Day One - Yakima River Canyon

My first day on the road to Tierra del Fuego was meant to be short and unadventurous.  The goal was just to get out of town.  There’s nothing worse than an ocean-bound clipper becalmed in the harbor after all the flag-waving farewells.  So I went for unromantic efficiency, taking the Miata onto the interstate out of Seattle and riding over the Cascades on boring old I-90.  It was raining; I was off to a late start; my plan was to go 90 to 82 and just get to Yakima.

But something happened at Ellensburg.  Well, a couple of things.  The sun came out.  The top went down.  And my eye caught a little squiggle on the map called Rt. 281.  Next thing I knew, the interstates had been forgotten.



I’ve lived in Washington State for almost two decades, but somehow I never knew about the Yakima River Canyon.  Perhaps I wasn’t meant to discover it until I could drive it in a Miata on a bright Spring afternoon, with each bend of the smooth two-lane blacktop unveiling new walls of lawn-green slope mounded against the sky, or sudden tumbles of pebbled gulches to the Yakima River on my right below.  The turns came fast and fierce, and the challenge of keeping my eye on the road instead of gawking to left or right was made harder by the Miata offering the third axis of epochal scenery above.  Good thing for its lynx-like reflexes on curves. 

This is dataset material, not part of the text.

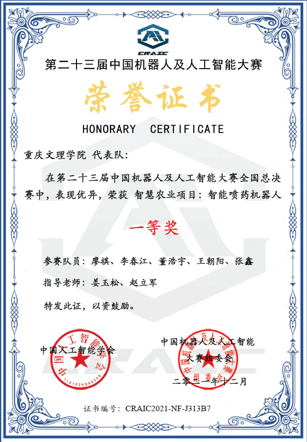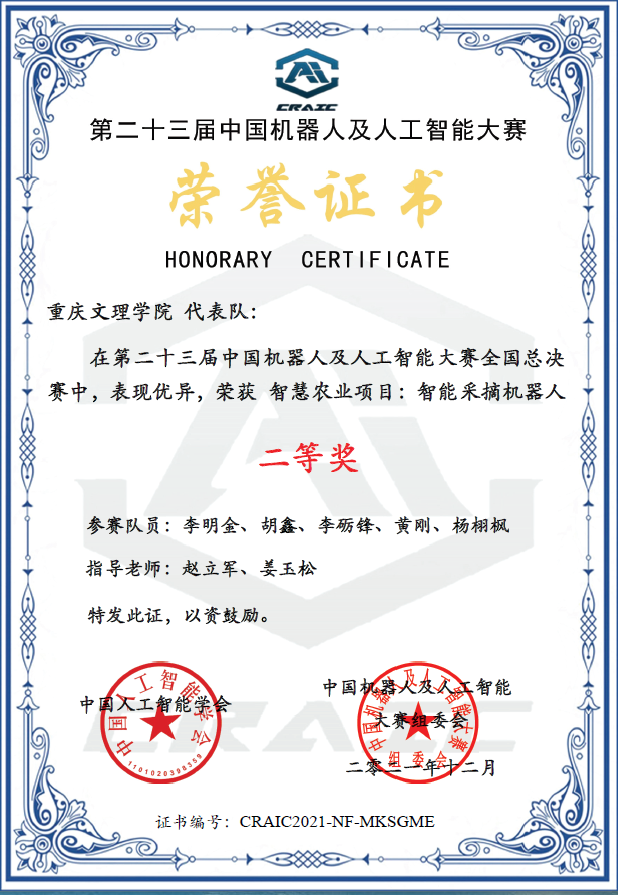 12月11日,第二十三届中国机器人及人工智能大赛全国总决赛在重庆两江新区顺利结束。大赛设3大类13个比赛项目,涉及人形机器人、轮式机器人、群体协作机器人等多种形态与应用领域的机器人。来自清华大学、哈尔滨工业大学、上海交通大学、重庆大学、华中科技大学等400多所高校的一万多名学子报名参赛。经过各省自治区直辖市初赛,最终1000多支优秀队伍晋级全国总决赛。我校两个参赛团队入围全国决赛。经过激烈角逐,最终由姜玉松、赵立军博士指导的,廖祺、李春江、董浩宇、王朝阳、张鑫组成的参赛团队提交的参赛作品“智能喷药机器人”荣获国家级一等奖;由赵立军、姜玉松博士指导的,李明金、胡鑫、李励锋、黄刚、杨栩枫组成的参赛团队提交的参赛作品“智能采摘机器人”荣获国家级二等奖。

Even so, I grew a tail of faster cars behind me and had to use the frequent turnouts, where the new challenge was not to stay for a while, enjoying the purling rush of the river and the dry, faintly sandy air playing a faint breeze over the grasses.



At Yakima it was back to the realities of Road Trip Day One.  The sky darkened ominously and a dusty gust whipped trees and flags throughout the low, prim little city.  I reached my campsite at the Yakima Sportsman State Park just as the thunder was rolling.  I was reminded of the scene in the movie “Wild” where hiker Reece Witherspoon struggles with her equipment on her first day out; by the time I got my tent set up and my several inefficient bags into it the rain was pouring down and both I and the tent were soaking wet.  I wriggled acrobatically into dry clothes, and the rain fly was nicely waterproof, but my pillow was the wrong height and gave me a crick in my neck overnight.  In the morning nothing that unrolled from a small bag would roll back into it.  Ah, Day One.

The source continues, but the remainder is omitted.